Five-Minute Friday Word: Connect

My struggling place. The place where I’ve wrestled with God learning His name…and mine.

Connection is a powerful, vulnerable place. After all, if you choose to connect you are choosing to open up at least part of you to that which you are connecting. And it’s in that vulnerable power-place I’ve met with God and he’s met with me. It’s where I’ve been the most, the best, the worst, the highest and the lowest I can possibly be.

I’ve feared connection most of my life because connection requires risk.

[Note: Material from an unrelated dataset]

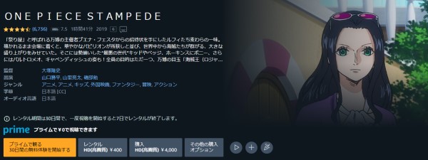 Amazonプライムビデオのお試し期間は、30日間で「ONE PIECE STAMPEDE」の映画は見放題なので無料視聴が可能です。

I learned at a young age that people and places and things will disconnect from you without a moments notice or a care in the world about how you feel.

The hardest part about those disconnectings is that it’s never a “clean” break–a piece of you goes too…or stays behind. You’re left ripped and swollen and scarred…and scared of the next time someone leaves, idols burn, parents die, loved ones fail, people abuse, worlds collide…silences hurt. Wary. Because it always happens…again.

I’ve feared connection too because there have been times I’ve dys-connected. Connected wrongly. Rashly and without recognizing I’m headed for trouble.  It’s been my deep place of holy hungering, dangerous desire and life-long longing for a lasting, loving connection that’s made this such dangerous place for me.

But God.

Again…but God so rich in mercy has taken these things in me the broken un-connected things and the slippery dys-connected things–and He’s mercied me. He’s mended me. He’s reminded me in His steady, sure Word that He is my shelter and abiding place.

He is my rooted and established vine and in Him I am a rooted and established branch…ingrafted, adopted and accepted. Safe…kept…and finally, fully connected because he is fully faithful.

Five minutes of free writing and submitted to 5-minute Fridays….3 days late!